First, it averages the data, so you don’t have to worry about getting a whole number of weeks into the date range. And it smoothes the data, too, using a five-wide weighted smoothing window to get a moving average. That means you can see trends more easily, because the noise of random variation is reduced.
You can skip particular days or even set up multiple date ranges to avoid longer periods – the week around Christmas may well be anomalous, for example – but that means you may want a longer date range to make up the number of days.
But because you don’t want to be distracted by fluctuations, you need to start off with a decent amount of data. We recommend at least six weeks’ worth (as you need several instances of each day of the week) and (if you’re looking at conversion rates) long enough to get 1,500 conversions.
How do I use it?
We’ve made a template with the formatting all set up for you – the first step is to go to the File menu and make your own copy. Then go to Google Ads, set up a new Script, and copy in the code below. You’ll need to change a few settings:
spreadsheetUrl is the URL of your copy of the heat map template.
dateRanges lists time periods you want to get data from. Each date range uses the format “yyyy-mm-dd, yyyy-mm-dd”.
You can specify multiple date ranges — just have them comma separated, like [“20150601, 20150930”, “20160601, 20160930”]
ignoreDates is used to exclude data from particular days. This is a comma-separated list of dates in the “yyyy-mm-dd” format.
For example [“20151225”, “20160101”] would exclude last Christmas and New Year’s Day.
fields lists the different metrics to make into heat maps. Put them in quotes, separated by commas. These are all metrics that can simply be added up and averaged (rather than ones that need fancier calculations).
You can choose as many as you like from Impressions, Clicks, Cost, Conversions and ConversionValue.
calculatedFields is for metrics that can’t just be added up: they have to be calculated from the summable metrics after they’ve been averaged and smoothed. This is a comma-separated list, in quotes, of one field divided by another.
For example [“Clicks/Impressions”, “Conversions/Clicks”] would give CTR and conversion rate.
devices lists the devices to produce heat maps for.
You can choose as many as you like from Mobile, Tablet and Desktop.
Leave this blank, , to only have the total stats for all device traffic.
If suggestAdSchedules is true, the script will suggest hourly bid multipliers that you could use in ad schedules. This is based on conversion rate.

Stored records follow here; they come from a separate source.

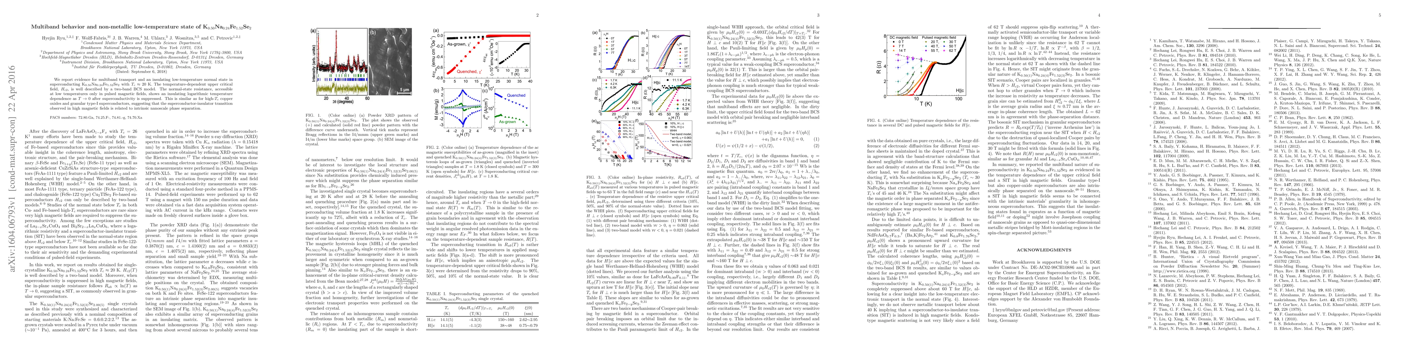 We report evidence for multiband transport and an insulating low-temperature normal state in superconducting K$_{0.50}$Na$_{0.24}$Fe$_{1.52}$Se$_{2}$ with $T_{c}\approx 20$ K. The temperature-dependent upper critical field, $H_{c2}$, is well described by a two-band BCS model. The normal-state resistance, accessible at low temperatures only in pulsed magnetic fields, shows an insulating logarithmic temperature dependence as $T \rightarrow 0$ after superconductivity is suppressed. This is similar as for high-$T_{c}$ copper oxides and granular type-I superconductors, suggesting that the superconductor-insulator transition observed in high magnetic fields is related to intrinsic nanoscale phase separation.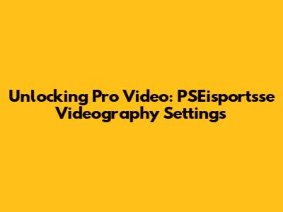 Unlocking Pro Video: PSEisportsse Videography Settings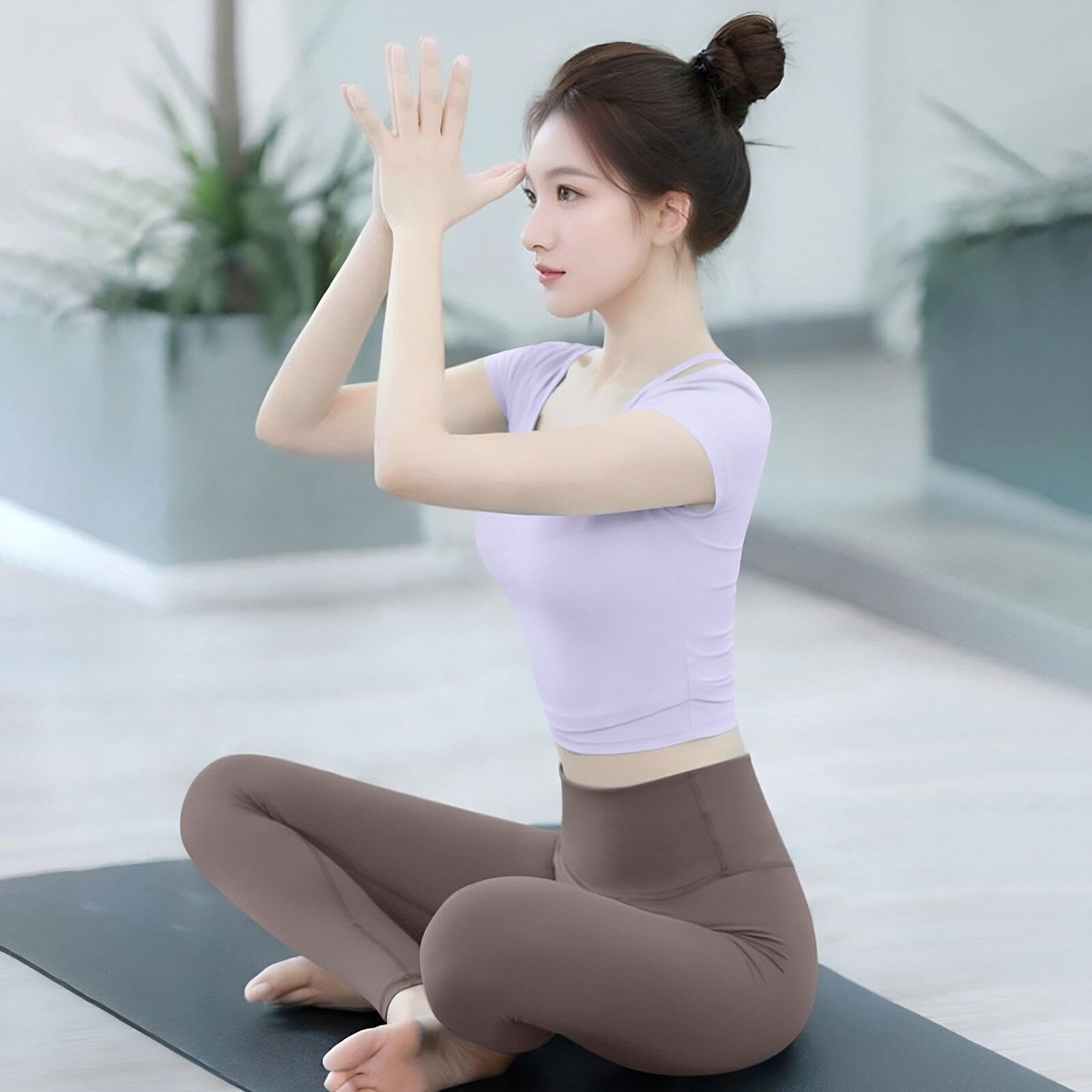 绝美短袖瑜伽服套装女带胸垫美背普拉提训练服短款跑步运动健身衣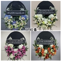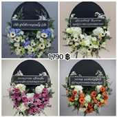 พวงหรีดพัดลมตั้งโต๊ะ 16 นิ้ว ประดับด้วยดอกไม้ประดิษฐ์สีฟ้ามุมขวาล่าง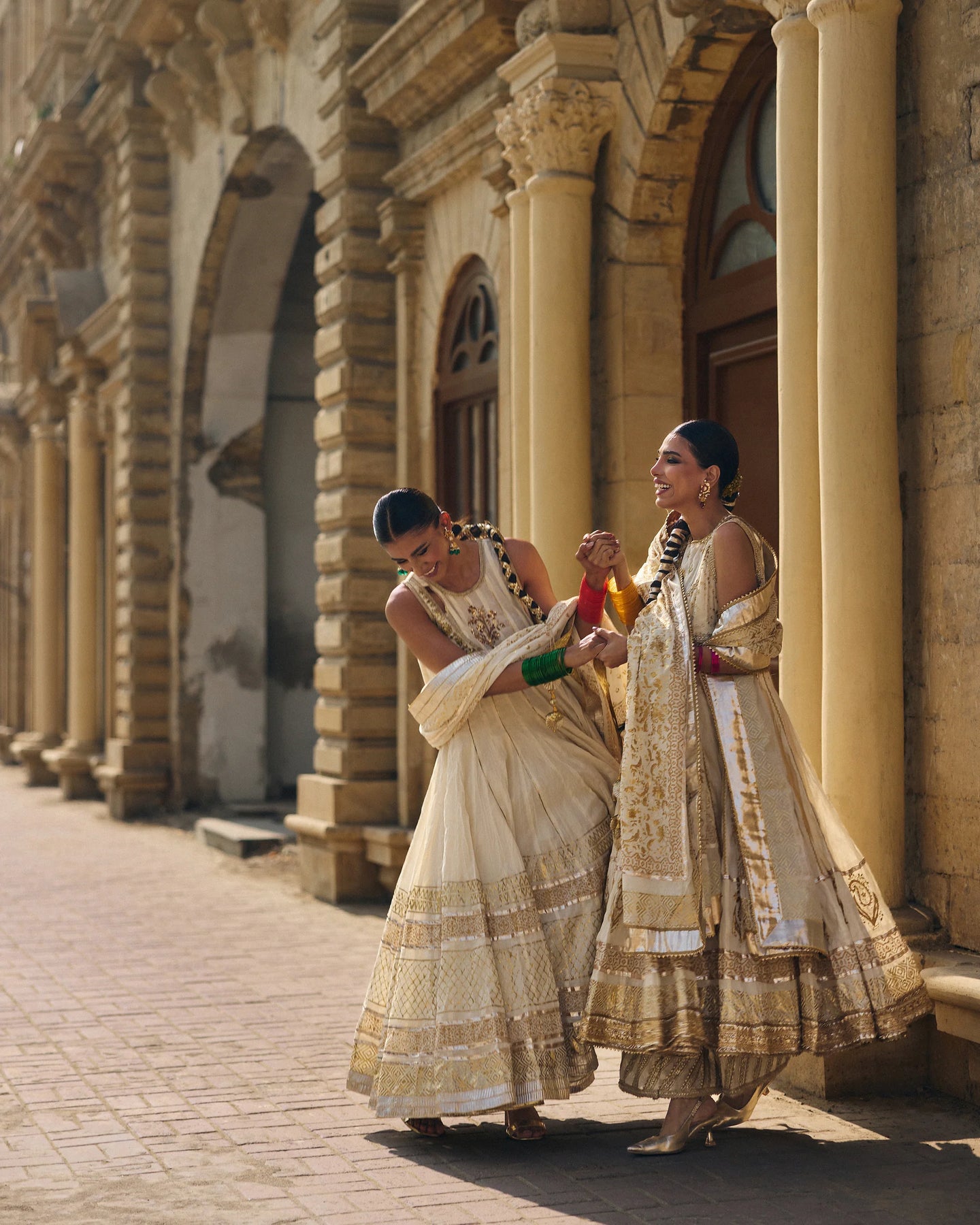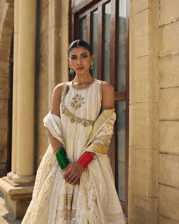 This three-piece ensemble is designed for festive and formal occasions, crafted with pure hand-woven muslin that adds a naturally rich and elegant feel to the outfit. The design features a blend of foil printing and traditional gold block printing, creating a beautifully regal look with soft, radiant detailing. The outfit is further adorned with heavy gota accents and delicate hand embellishments using sequins, adding subtle sparkle and depth. The overall appearance is richly crafted, luxurious, and timeless — a truly exquisite piece that is perfect for nikah ceremonies, weddings, and any celebration where you want to look effortlessly regal and refined.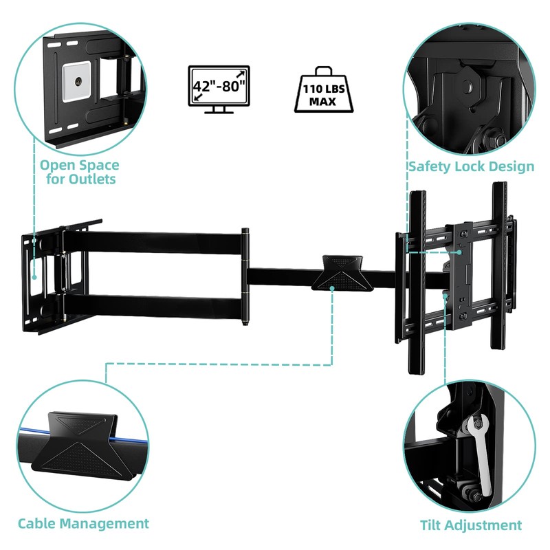 - FOR BETTER SAFETY: Adopted heavy gauge steel construction and thicker mounting arms to boasts a 110lb load capacity, this TV mount ensures you safe operation for smooth extension and pivoting motion. Once the bracket is properly anchored into the wall, you'll never have to worry about your TV getting knocked over or falling due to earthquake or horseplay. For any question, reach us anytime!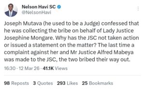 In a post shared on X, Havi alleged that former judge Joseph Mutava admitted to receiving a bribe on behalf of Justice Mongare.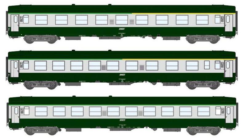 REE VB-122 - Coffret de 3 voitures UIC Vert Garrigue / Gris Béton Ep.IV-V.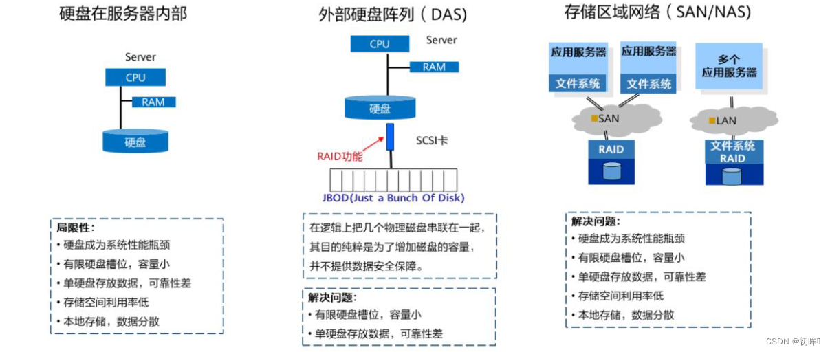 - 最初的服务器是计算存储合一的,使用服务器本地存储存放数据,这就是块存储的始祖,通过服务器内部总线连接磁盘,可以达到很低的时延,但是服务器可以承载的磁盘数量有限,在容量、带宽以及可靠性上有所欠缺。随着IT的发展,数据越来越多,对数据可靠性的要求越来越高,就有了计算、存储分离的需求,这时就有了存储阵列。传统的磁盘阵列采用控制器+磁盘框的架构,控制器采用双机头或者多机头设计,可靠性更高,通过扩展磁盘框,存储容量相比服务器本地磁盘,有了成百上干倍的提高独立地通过FC交换机或者IP交换机与服务器相连,这就是现代的块存储。

If suggestDeviceBidModifiers is true, the script will suggest hourly bid modifiers for each of the devices in the devices list. This is based on the device’s conversion rate.
baseDeviceModifiersOnBiddingMultiplier only matters if suggestDeviceBidModifiers is true. If it’s true, then the script will give device bid modifiers assuming that the suggested ad schedules are already in place.
For example, suppose that at a certain hour mobile bids should be increased by 30%, and the suggested ad schedule for that hour is 10%. If this is false, the the mobile modifier will be given as 30%. If this is true, then the mobile modifier will be given as 18%, because when this and the 10% ad schedule are applied, the bid will be increased by 30%.
campaignNameContains and campaignNameDoesNotContain filter which campaigns the script gets data from. For example, if campaignNameContains is [“Brand”, “Generic”] then only campaigns with names containing “brand” or “generic” are included. If campaignNameDoesNotContain is [“Display”, “Competitor”] then any campaigns with names containing “display” or “competitor” are ignored.
This is not case-sensitive.
Leave blank, , to include all campaigns.
If you need to put a double quote into campaignNameContains or campaignNameDoesNotContain, put a backslash before it.
ignorePausedCampaigns should be set to “true” if you only want to look at currently active campaigns, or “false” if you want to include them.
Removed campaigns are always ignored — they’re deleted, so it’s not like you’re going to be putting any ad schedules in them!
Then authorize and preview the script. If it doesn’t work, check the Logs in case there was an error with any of the settings. And take care – if you run (or even preview) the script again, it will overwrite what’s already in the sheet.
Note that you’re quite likely to get fractional results, even with metrics like clicks that have to be whole numbers. This is because the heat map shows the average per hour, not the total.
If you want to tinker further, there are a couple of Advanced Settings:
You can change how the data gets smoothed, by changing the smoothingWindow and smoothingWeight arrays.
By default, suggested ad schedules and bid modifiers will be kept between +35% and -35%. If you’d like them to go lower or higher, then you can change minBidMultiplierSuggestion and maxBidMultiplierSuggestion in the Advanced Settings section.